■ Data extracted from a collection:
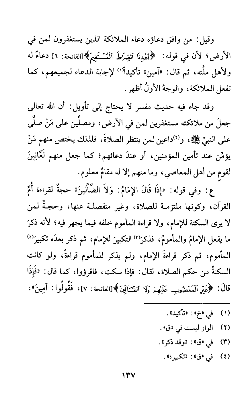 وقيل: من وافق دعاؤه دعاء الملائكة الذين يستغفرون لمن في الأرض؛ لأن في قوله: {اهْدِنَا الصِّرَاطَ الْمُسْتَقِيمَ} [الفاتحة: 6] الدعاء له ولأهل ملته، ثم قال: «آمين» تأكيدا (¬1) لإجابة الدعاء جميعه، كما تفعل الملائكة، والوجه الأول أظهر.
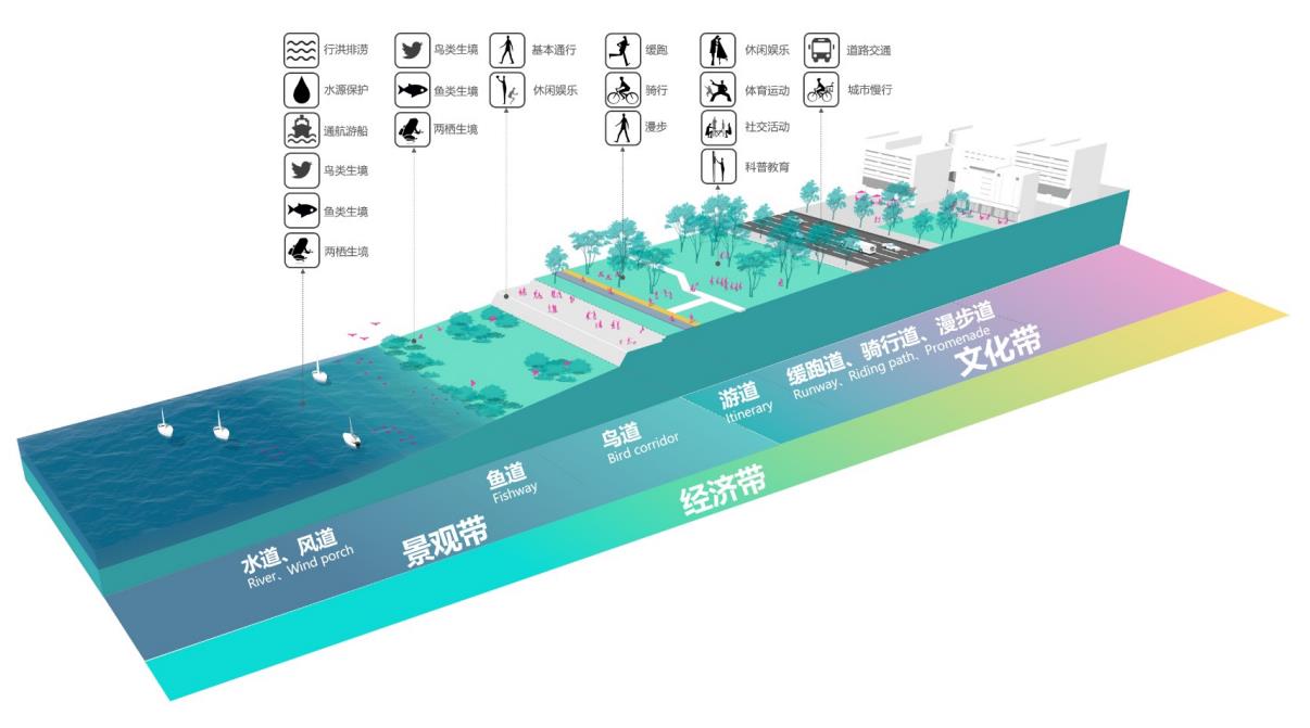功能复合是碧道的一大特色,规划中也提出,以碧道统筹山水林田湖海系统治理,改善流域生态环境、实现空间综合利用、带动产业转型升级、激活片区多元价值。广州市深化细化省万里碧道“三道一带”空间要求,提出“水道、风道、鱼道、鸟道、游道、漫步道、缓跑道、骑行道”八道合一和“滨水经济带、文化带、景观带”三带并行的“八道三带”空间范式,保护珠江生态岛链、建设碧道风廊、水鸟走廊,恢复鱼类洄游生态圈,打造蓝线上的公共服务综合带,实现堤内外、上下游、干支流、左右岸系统治理,形成广东碧道建设的“广州方案”。
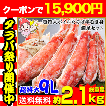 | 商品名 | プレミアム超特大9Lボイルたらば半むき身満足セット1.8kg超(総重量約2.1kg) |
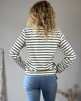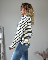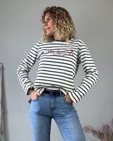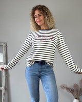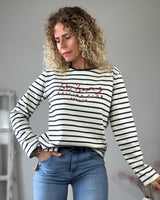 Camiseta beige con rayas negras azules y letras bordadas rojas. Manga larga. Tejido gordito.
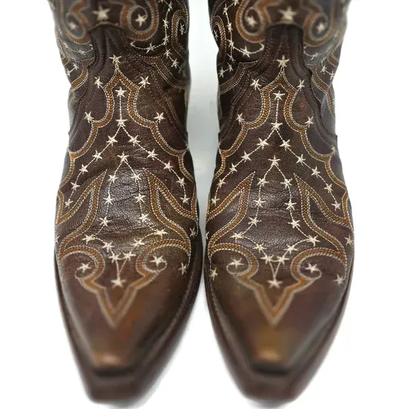Swirling embroidery with stars throughout Beautiful condition Snip toe Shaft 11" Heel 1.5" Length from heel to tip of toe 10" Made in Mexico
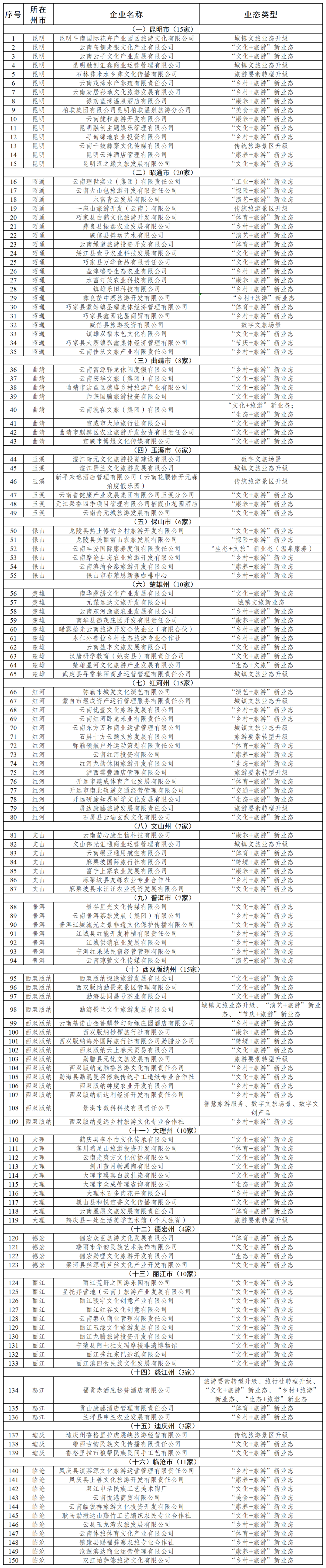 为贯彻落实《云南省人民政府关于进一步优化营商环境促进市场主体倍增的意见》(云政发〔2021〕21号),根据《云南省促进市场主体倍增领导小组关于印发促进文化和旅游市场主体倍增培育计划》(云促主体倍增小组发〔2021〕1号)的通知精神,云南省文化和旅游厅组织开展了2024年云南省文化和旅游新业态企业认定工作。通过企业自愿申报、州市评分推荐、省级专家评审,现将昆明斗南国际花卉产业园区旅游文化有限公司等150家云南省文化和旅游新业态企业拟认定名单予以公示。公示时间为2024年10月30日起5个工作日。
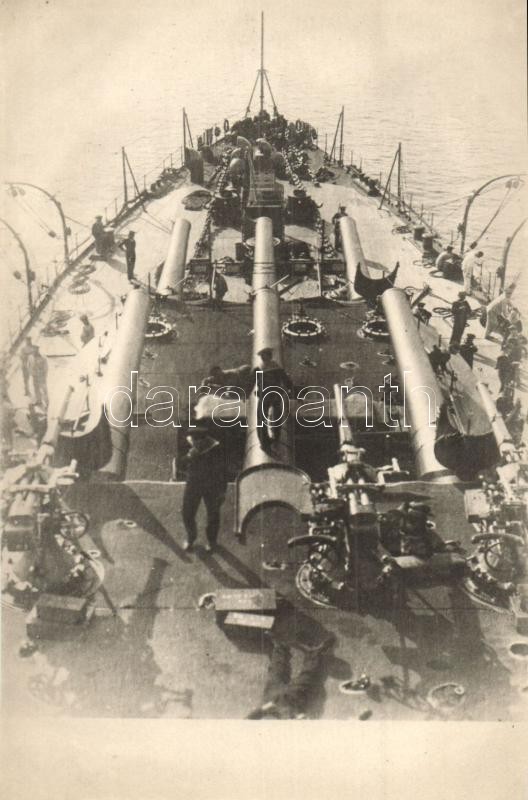 SMS Prinz Eugen Osztrák-Magyar Haditengerészet Tegetthoff-osztályú csatahajója, első két torony 3-3 löveggel / K.u.K. Kriegsmarine SMS Prinz Eugen dreadnought battleship's deck, mariners and cannons. photo
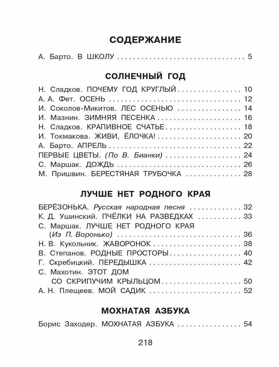 | Автор(ы) | Барто Агния Львовна, Маршак Самуил Яковлевич, Токмакова Ирина Петровна, Пришвин Михаил Михайлович, Заходер Борис Владимирович, Паустовский Константин Георгиевич |
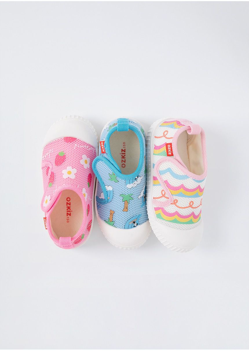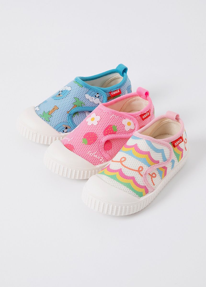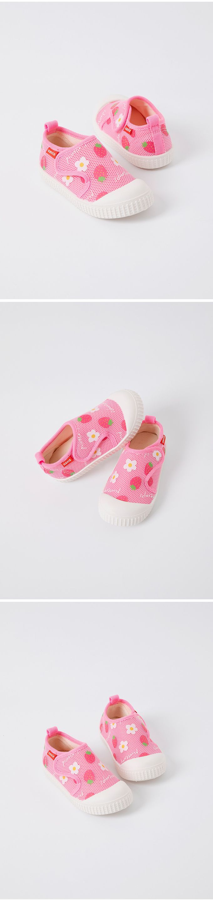 韓國 OZKIZ - 水陸兩穿!網眼透氣玩水沙灘鞋/休閒鞋-草莓花朵-粉

■ About this exercise: Pictures in the entries do not go into the copy. Print only the lines starting at the one containing "Camiseta beige con" and ending at the one containing "Константин Георгиевич |", exactly as they appear.

■ Answer area:
 Camiseta beige con rayas negras azules y letras bordadas rojas. Manga larga. Tejido gordito.
Swirling embroidery with stars throughout Beautiful condition Snip toe Shaft 11" Heel 1.5" Length from heel to tip of toe 10" Made in Mexico
 为贯彻落实《云南省人民政府关于进一步优化营商环境促进市场主体倍增的意见》(云政发〔2021〕21号),根据《云南省促进市场主体倍增领导小组关于印发促进文化和旅游市场主体倍增培育计划》(云促主体倍增小组发〔2021〕1号)的通知精神,云南省文化和旅游厅组织开展了2024年云南省文化和旅游新业态企业认定工作。通过企业自愿申报、州市评分推荐、省级专家评审,现将昆明斗南国际花卉产业园区旅游文化有限公司等150家云南省文化和旅游新业态企业拟认定名单予以公示。公示时间为2024年10月30日起5个工作日。
 SMS Prinz Eugen Osztrák-Magyar Haditengerészet Tegetthoff-osztályú csatahajója, első két torony 3-3 löveggel / K.u.K. Kriegsmarine SMS Prinz Eugen dreadnought battleship's deck, mariners and cannons. photo
 | Автор(ы) | Барто Агния Львовна, Маршак Самуил Яковлевич, Токмакова Ирина Петровна, Пришвин Михаил Михайлович, Заходер Борис Владимирович, Паустовский Константин Георгиевич |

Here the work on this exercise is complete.